ひとくち30回で老化が防げる

編集者として仕事をしていたとき、よくいわれたのは、「食事は早くしろ」ということです。
仕事を一から教わった上司は、月刊誌や週刊誌を何誌も創刊してきた人で、いつも締め切りに追われてきたので、食事時間も切り詰めていたのだと思います。
その教えのひとつが仕事中に食事時間をたっぷりとるようではだめだ、ということでした。仕事をはなれれば、美味しいものが好きで、お店も紹介してもらいましたが。


わたしは、これで早く食べることが習性になってしまいました。できるだけゆっくり食べるようにしているのですが、なかなかできません。
ゆっくり食べるためにすることは、何といってもよく噛むことです。


よくひとくち30回といいますが、これをいいはじめたのは1800年代の初頭、イギリスで4期にわたり、首相をつとめたグラッドストン(1809〜1898)。
彼は、84歳で首相を辞任しますが、85歳の誕生日になったとき、新聞記者が、「何をしてそんなにお元気なのですか?」と尋ねると、「天からわたしたちに32本の歯が与えられた。これらの歯をすべて使うつもりで32回噛むようにしている」と答えました。
32回噛むことが健康の秘訣といったのです。ひとくち30回ではなく、32回だったのです。
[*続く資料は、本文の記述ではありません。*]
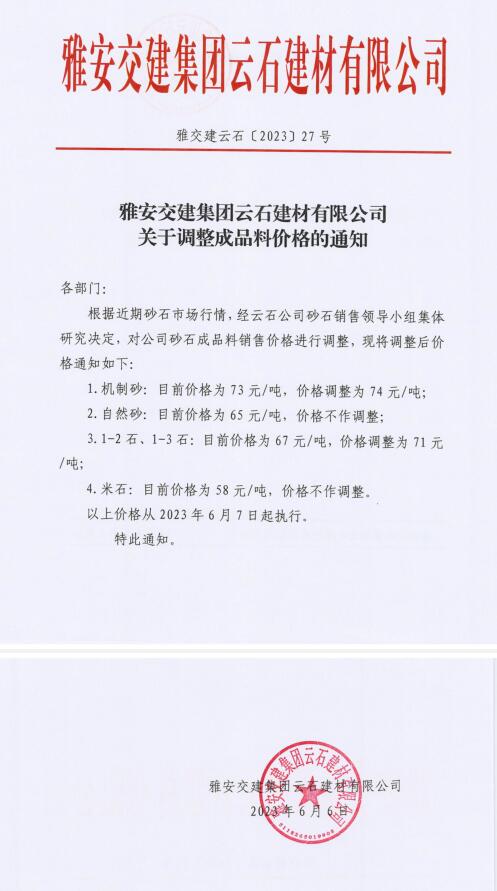 雅安交建集團云石建材有限公司成品料價格調(diào)整公告(2023-06-06)

この話を聞いて、のちによく噛むことを健康運動として広めたのがアメリカの大富豪ホーレス・フレッチャー(1849〜1919)。
フレッチャーは、イギリスでこの新聞記事を読みます。当時40代。
彼はそのとき、体重は100kg近く、腹囲は152cm、身長が171cmでした。明らかな肥満体ですね。
事実、体調も悪く、生命保険の契約も断れてしまいました。そこで、いい医者を探そうと渡英していたのです。


この記事をヒントに、ひとくち30回噛むことを実践し、5ヶ月で体重は71kg、腹囲は90cmまで減少。ひとくち30回だけでなく、
『本当に空腹感がわいたときだけ食べること』
『新鮮なものをシンプルに調理して食べること』
『ゆっくりよく味わいながらよく噛んで食べる』
を実践したといいます。
自分のからだの状態に耳を傾け、素材を気にし、そしてよく噛んで食べたのです。
こうして健康な体を取り戻しました。
その後、60代のとき、フレッチャーが自分の両肩に若者を立たせている写真があります。以来ずっと健康体だったようです。
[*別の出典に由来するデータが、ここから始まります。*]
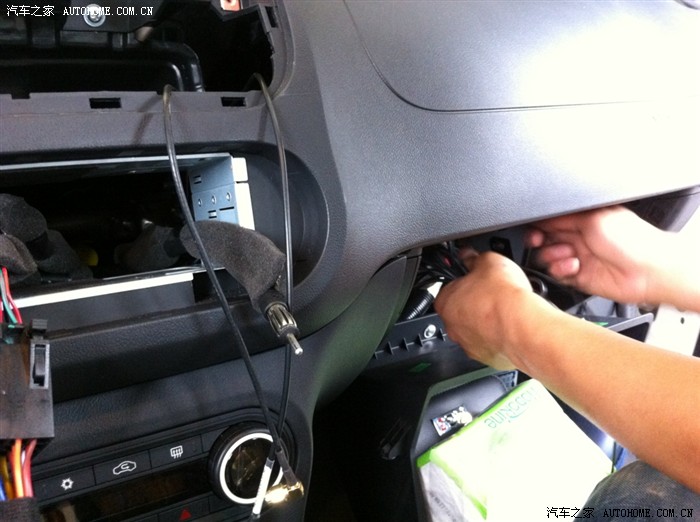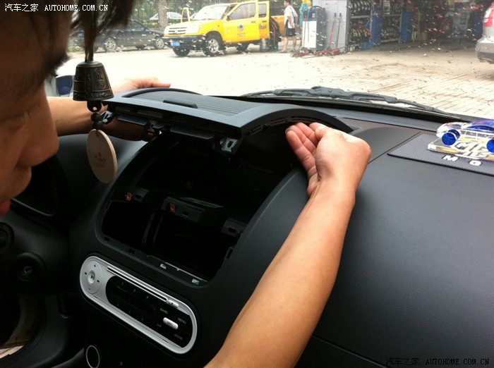 1、 先把中控台的空调出风口取下。装潢店的有专用工具,不会损坏内饰。

わたしの友人にこの話をしました。テレビのカメラマンで仕事をはなれた後、ちょっと太ってきたので、さっそくやってみました。
すると、66kgがあった体重は4ヶ月で4kgやせ、ウエストも6cm細くなり、現在の体重も61kgでリバウンドはありません。30回噛むので、食事に時間がかかると奥様がおっしゃっていましたが、とくに食べものを減らしたり、運動をふやしたりしたわけでないので、噛む回数を30回にするだけでやせられたのです。


ある製薬会社で、メタボリックシンドロームを改善するために、ひとくち30回噛むように指導したところ、96%の人が体重を減らすことができたという報告もあります。
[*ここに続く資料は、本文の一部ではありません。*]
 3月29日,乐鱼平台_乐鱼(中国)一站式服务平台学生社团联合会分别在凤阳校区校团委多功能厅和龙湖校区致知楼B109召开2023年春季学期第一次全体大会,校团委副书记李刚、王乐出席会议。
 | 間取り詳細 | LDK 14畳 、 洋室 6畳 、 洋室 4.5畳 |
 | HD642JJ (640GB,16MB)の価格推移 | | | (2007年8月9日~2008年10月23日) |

肥満の研究の第一人者大分医科大学名誉教授の坂田利家医師は、「30回ぐらいでなく、30回という回数を守ること」といいます。30回ぐらいと思っていると、自分で加減してしまい、そのうちやめてしまうからだそうです。

よく噛むと、唾液もたくさん出てきます。唾液にも有益な成分が含まれています。
たとえば、炭水化物の消化吸収に役立つアミラーゼという酵素
そのほか、リゾチーム、ラクトフェリン免疫グロブリンヒスタミンなどです。
殺菌、抗菌作用のある物質が含まれているのです。
口の中で雑菌が繁殖するのを防いでくれます。
雑菌が繁殖すると、それが口臭の原因になります。唾液の量が多いと口臭も防げるのです。
最近の研究で、唾液に含まれているペルオキシダーゼという酵素には、老化を促進させる原因となる活性酸素を除去する働きがあることがわかりました。

唾液は噛めば噛むほど分泌されます。
やせるだけでなく、老化も予防するために、よく噛みましょう。